We’ve all had nightmares. Nightmares are vividly realistic, disturbing dreams that wake you up from a deep sleep. Nightmares tend to occur most often during rapid eye movement (REM) sleep when most dreaming takes place. It is a disturbing dream associated with negative feelings, such as anxiety or fear that awakens you. Nightmares are common in children but can happen at any age, and occasional nightmares usually are nothing to worry about. Nightmares may begin in children between 3 and 6 years old and tend to decrease after the age of 10. During the teen and young adult years, girls appear to have nightmares more often than boys do. Some people have them as adults or throughout their lives. Although nightmares are common, nightmare disorder is relatively rare.

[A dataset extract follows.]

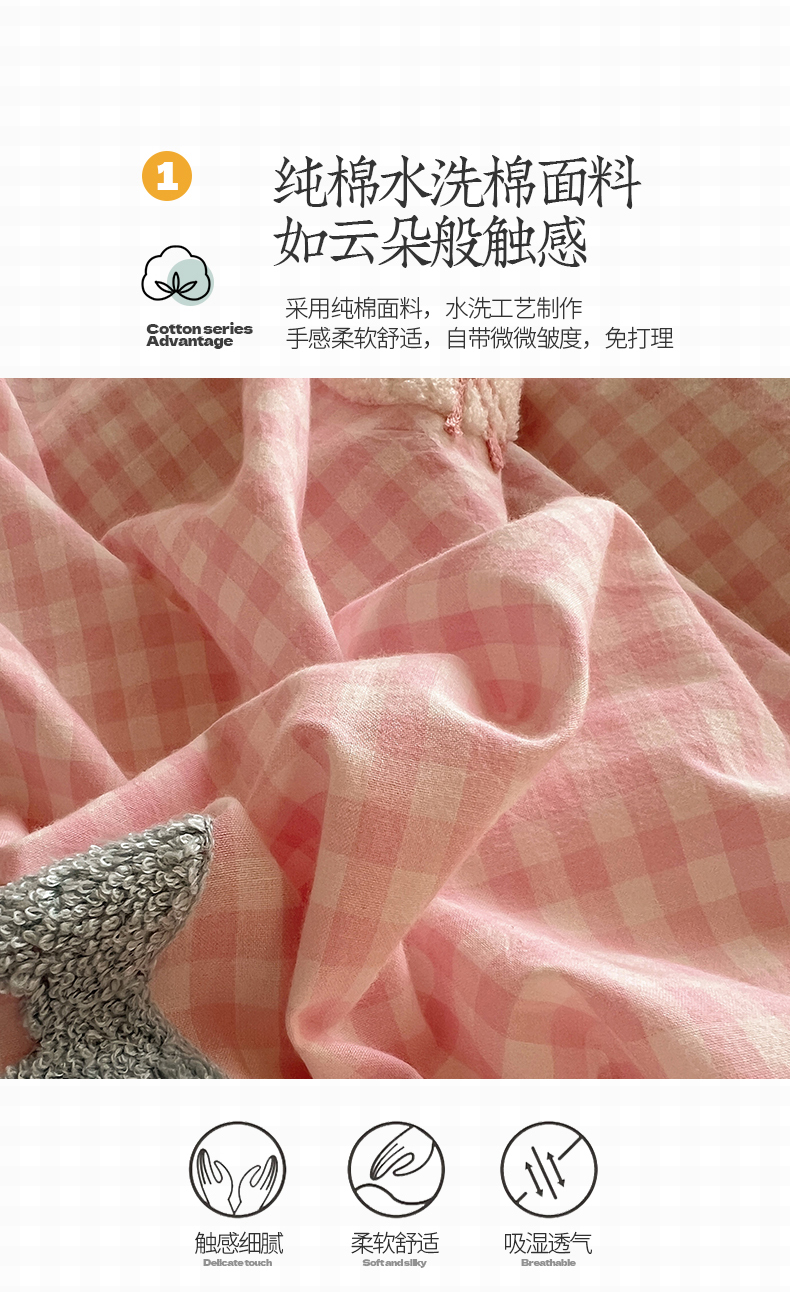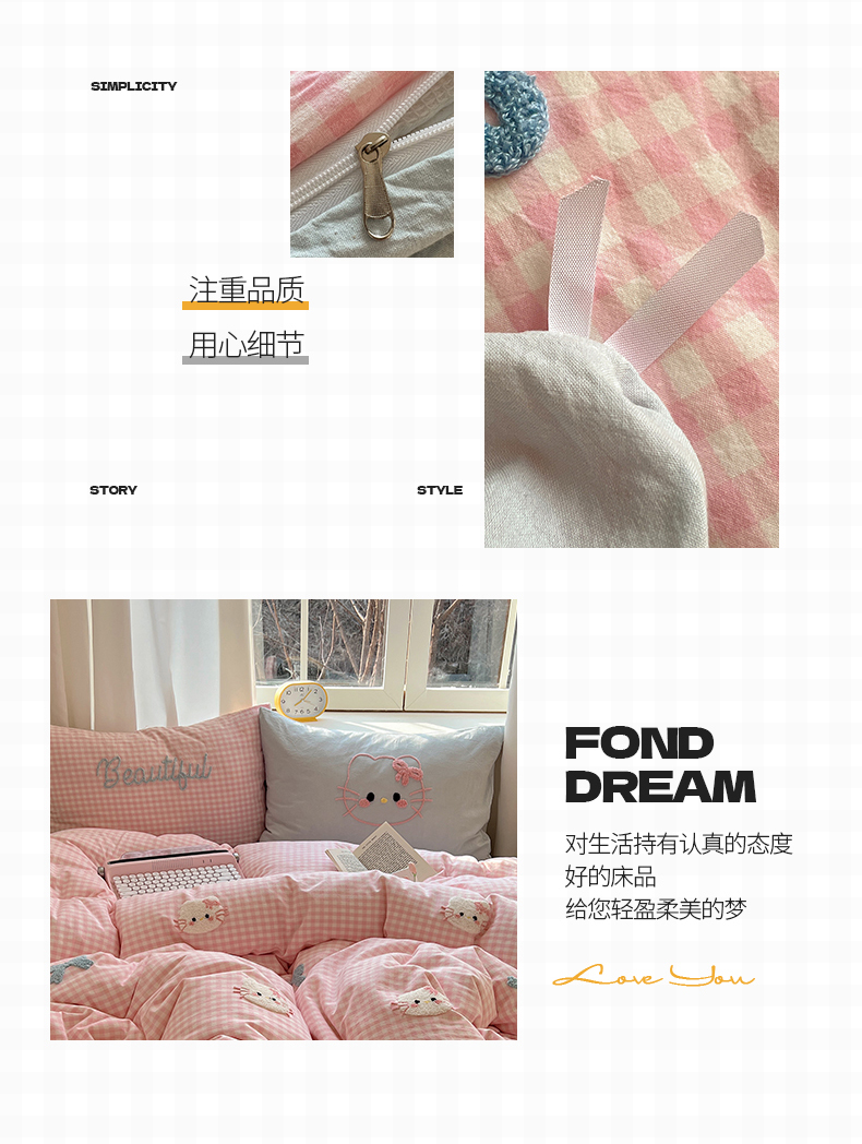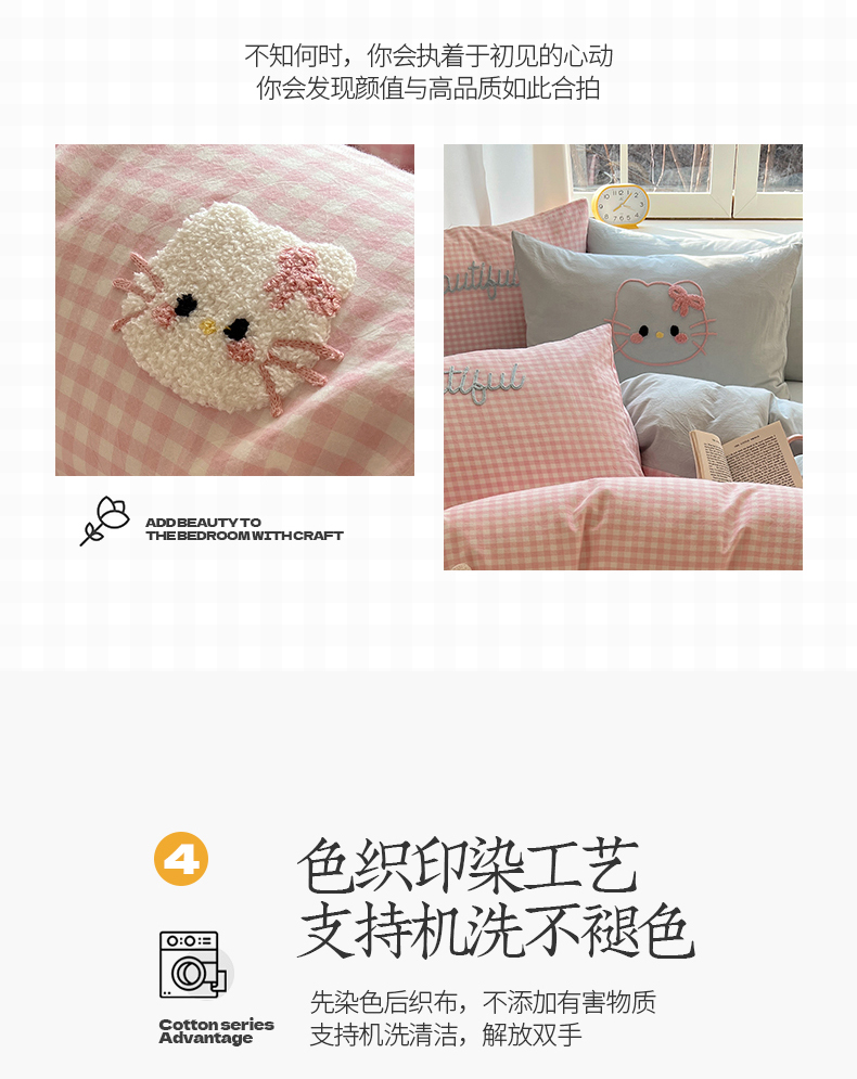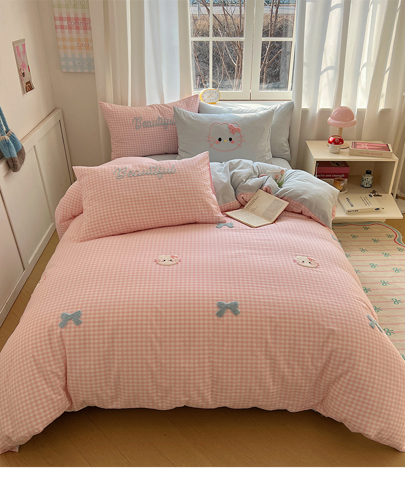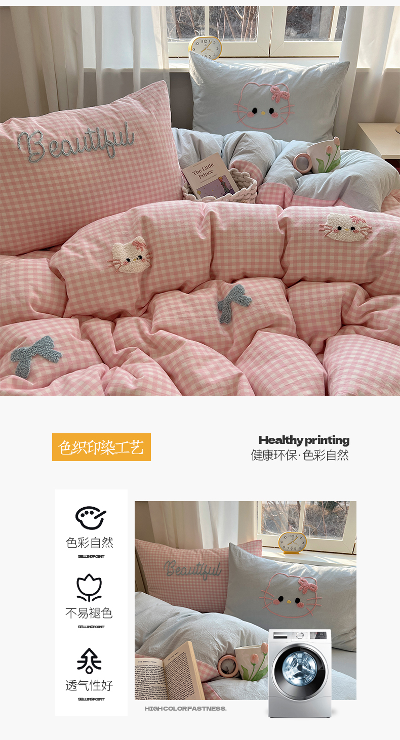 当前位置: 91家纺网 > 商品网购 > 床品套件 > 四件套 > 水洗棉四件套 > 桃子家居 2025新款A类ins纯棉色织水洗棉毛巾绣奶油少女猫咪兔兔混搭系列四件套 色织水洗棉-猫咪粉蓝

Nightmare disorder is when nightmares happen often, almost every night, cause distress, disrupt sleep, cause problems with daytime functioning or create fear of going to sleep.
What Is The Cause of Nightmare?
Many different factors can contribute to a higher risk of nightmares:
- Stress and anxiety: Sad, traumatic, or worrisome situations that induce stress and fear may provoke nightmares. People with chronic stress and anxiety may be more likely to develop nightmare disorders.
- Mental health conditions: Nightmares are often reported at much higher rates by people with mental health disorders like post-traumatic stress disorder (PTSD), depression, general anxiety disorder, bipolar disorder, and schizophrenia.
- Certain drugs and medications: Using some types of illicit substances or prescription medications that affect the nervous system is associated with a higher risk of nightmares.
- Withdrawal from some medications: Some medications suppress REM sleep, so when a person stops taking those medications, there is a short-term rebound effect of more REM sleep accompanied by more nightmares.
- Sleep deprivation: After a period of insufficient sleep, a person often experiences a REM rebound that can trigger vivid dreams and nightmares.
- Personal history of nightmares: In adults, a risk factor for nightmare disorder is a history of having had recurring nightmares during childhood and adolescence.
- Narcolepsy: A sleep disorder characterized by extreme drowsiness during the day followed by quick naps or sleep attacks
- Substance abuse: Alcohol and recreational drug use or withdrawal can trigger nightmares.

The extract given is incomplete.